"The rich should pay their fair share" is an ubiquitous meme these days from those who want to take more money from successful folks. I know it has been, but I don't recall those who advocate poorly-done income redistribution being quite so proud of it before. And of course none of them can answer the question "What's fair?" with anything more concrete than More!
I suppose I shouldn't be surprised by that, given how people love to throw around diagnoses like Mardi Gras beads ("Most CEOs are psychopaths! Dude wrote a book that said so!").
Nevertheless, it is a question worth considering. What it is not, however, is a question which can be properly considered in isolation. Of course, those on the Left want us to, because that is the essence of class warfare. Let's soak those guys, just to be fair.
But what is fair? Isn't it something that should involve consideration of everyone? My kids certainly seem to think so, as does anyone who has ever come up on the short side of an arrangement.
Let's take the only concrete answer I have ever seen (and I really respect the people who do answer this, even if I don't necessarily agree): return the top tax bracket to its Clinton-era level of 39.6%. Okay, fine. Let's do that.
But how about returning the tax rate of the lowest bracket to 15%? Allowing the Bush tax cuts to expire would have done that, granted, but in the past several months I have only ever heard people advocate the return for the top tax bracket.

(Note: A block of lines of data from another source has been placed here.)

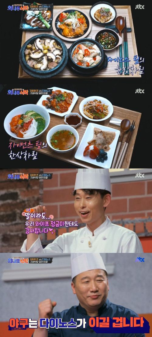3일 오후 방송된 JTBC '외나무식탁'에서 스포츠 구단 최강 선수 식당으로 손꼽히는 롯데 자이언츠와 NC 다이노스의 요리사들이 자존심을 건 맛 대결이 펼쳐졌다.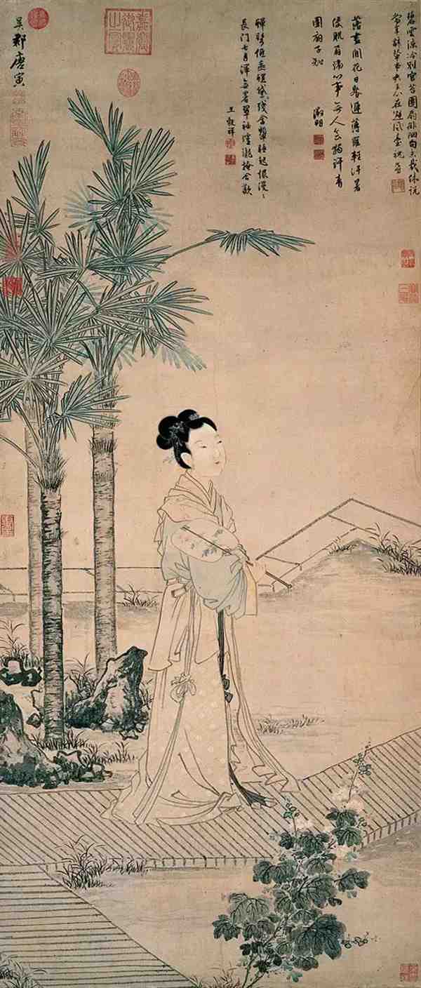 《画班姬团扇》取材自汉班婕妤的〈怨歌行〉:「常恐秋节至,凉飙夺炎热,弃捐箧笥中,恩情中道绝。」榈树下,班姬持扇伫立,庭前复植有蜀葵,点出夏末时令。幅中画花用没骨法、仕女脸部的三白法,均与杜菫〈玩古图〉极近,据此可追索唐寅的风格源流。另外,由画上方文徵明题识的书体研判,应为文氏四十岁后所作。文与唐同年,故本幅可定为唐寅此际(一五Ο九顷)的作品。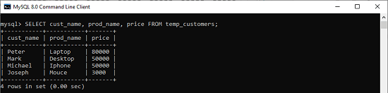 Mysql> SELECT cust_name, prod_name, price FROM temp_customers;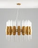 Роскошная подвесная люстра Strict. Множество плафонов из прозрачного стекла с рельефной поверхностью заполняют пространство ярким рассеянным освещением. В качестве источника света подойдут лампы Е14. Металлический каркас латунного цвета прекрасно сочетается с плафонами и добавляет в образ помпезный стиль. Такая люстра обязательно привлечет внимание и станет главным акцентом в интерьере зала, гостиной или в обеденной зоне. Высоту люстры можно отрегулировать при монтаже с помощью подвесных тросов.

Because the rich aren't paying their fair share.
Can I ask: What's a fair share for the poorest Americans?
I'm serious. I understand the logic of a graduated income tax. But if it is fair to ask so much more of the super-rich because they are super rich, why isn't it fair to ask at least some of the poor?
The poor use more social services than do the rich. It's the way the system is made, of course, and I am not disputing that. Hell, I've benefited from it. And perhaps it is because I have that I feel compelled to ask this question. Why should any group of people be encouraged to take without giving? As I've covered in this blog before, parents know that expecting kids to contribute to the household (and I do not mean monetarily, in this case; it's an imperfect comparison) helps build self esteem.
So, again, why can't we expect the poor to contribute something? Food stamps & welfare both carry work requirements in many (if not all) cases, so clearly this isn't an alien concept. And yet, any proposed tax code change is pilloried as regressive--I've been hearing it for years about the Fair Tax, and now I'm hearing it about Herman Cain's 999 program.
But if higher taxes are good for some people, they must be good for all people. At least if you are laying any claim to fairness. Treating people differently without good reason is fundamentally unfair.